--- Work to complete ---
All of the lines below need to be copied exactly, apart from the pictures.

--- Dataset excerpt ---
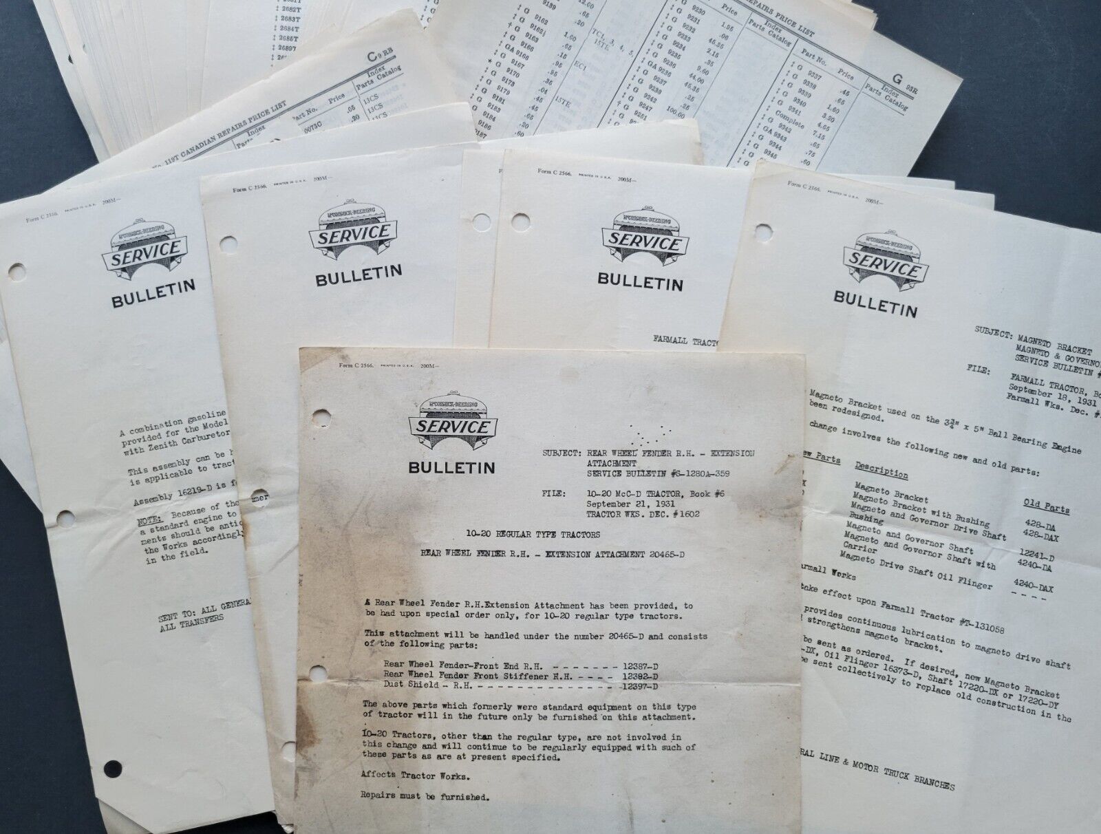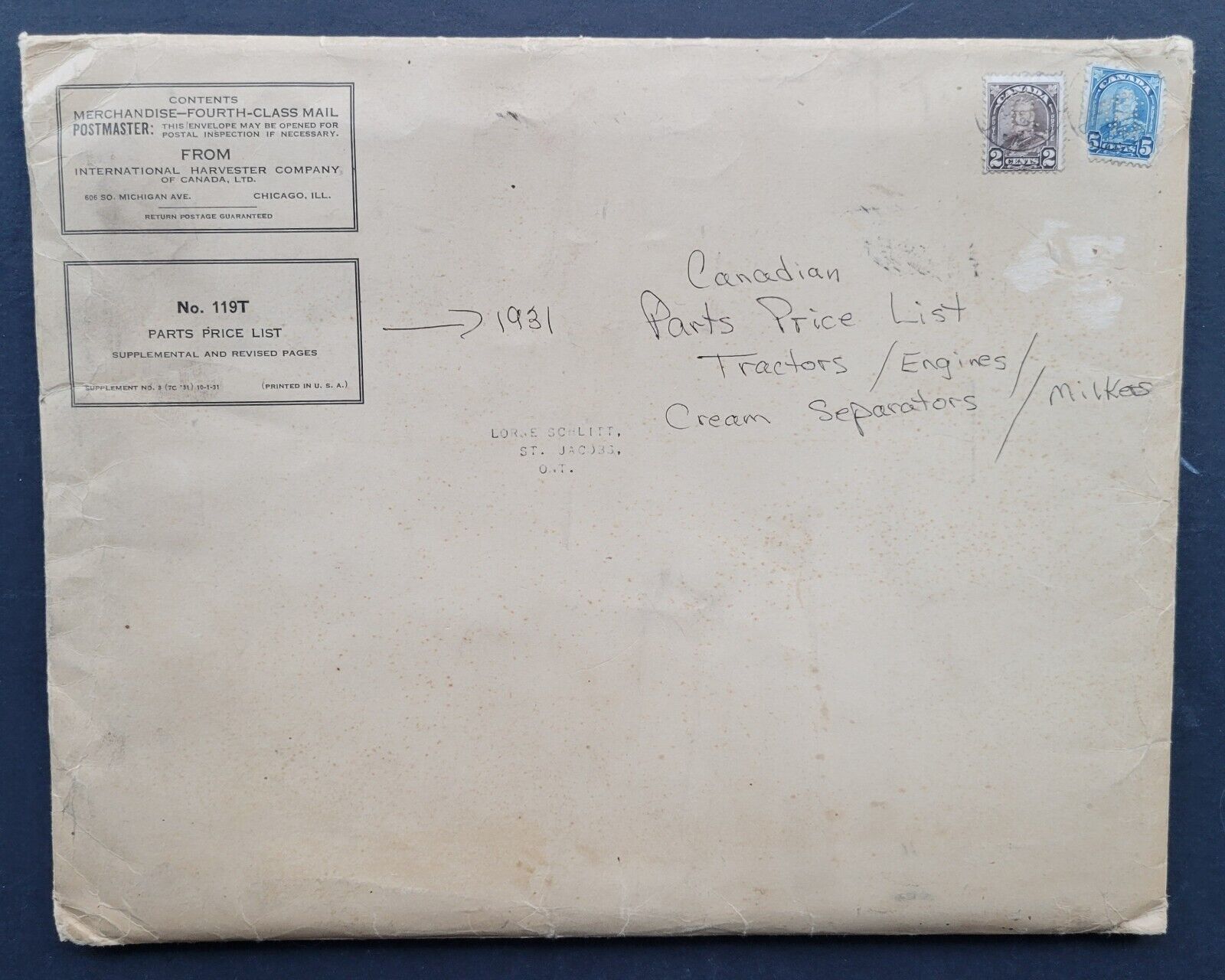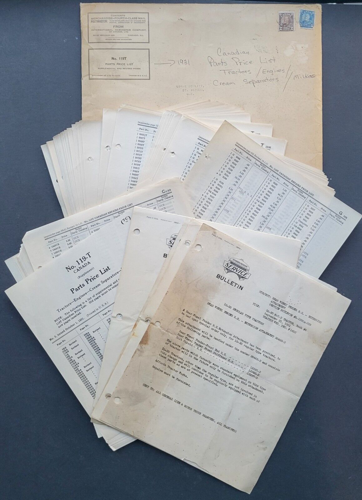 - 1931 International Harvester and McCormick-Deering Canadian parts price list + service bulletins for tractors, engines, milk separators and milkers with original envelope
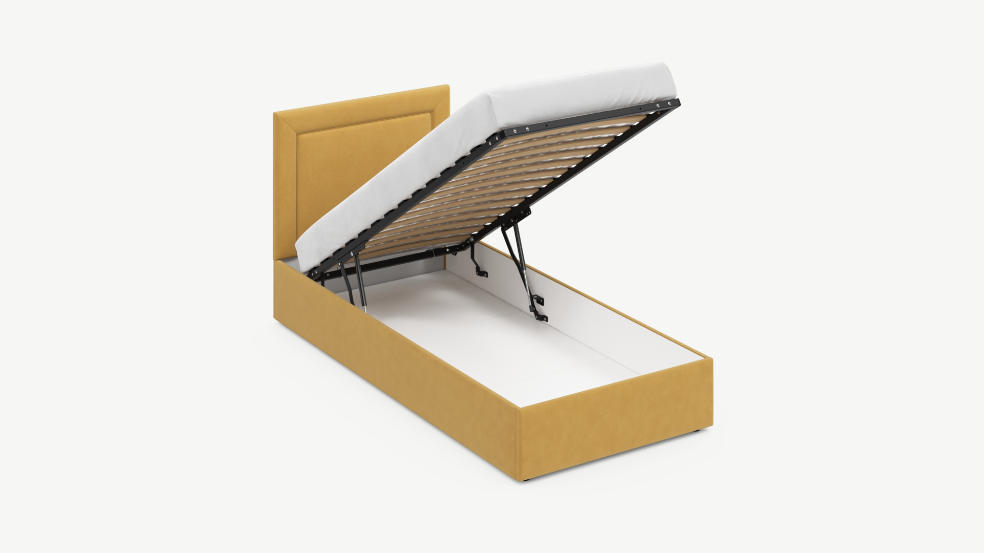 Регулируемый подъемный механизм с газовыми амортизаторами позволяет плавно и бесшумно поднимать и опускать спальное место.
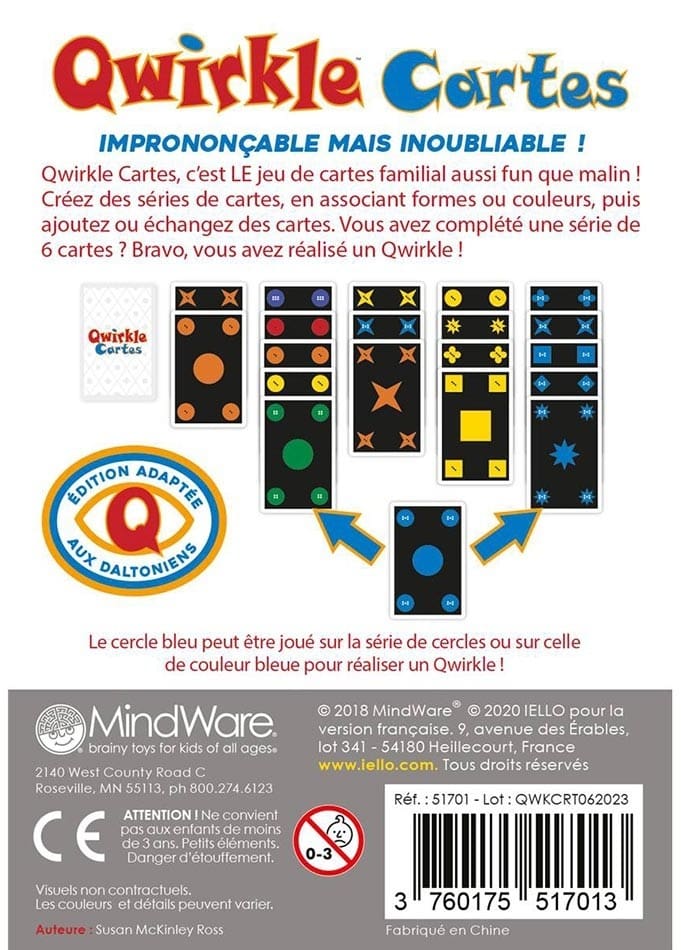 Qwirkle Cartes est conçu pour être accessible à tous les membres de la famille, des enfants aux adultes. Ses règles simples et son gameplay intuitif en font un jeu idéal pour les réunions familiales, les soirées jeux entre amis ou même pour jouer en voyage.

--- Output of the exercise ---
 - 1931 International Harvester and McCormick-Deering Canadian parts price list + service bulletins for tractors, engines, milk separators and milkers with original envelope
 Регулируемый подъемный механизм с газовыми амортизаторами позволяет плавно и бесшумно поднимать и опускать спальное место.
 Qwirkle Cartes est conçu pour être accessible à tous les membres de la famille, des enfants aux adultes. Ses règles simples et son gameplay intuitif en font un jeu idéal pour les réunions familiales, les soirées jeux entre amis ou même pour jouer en voyage.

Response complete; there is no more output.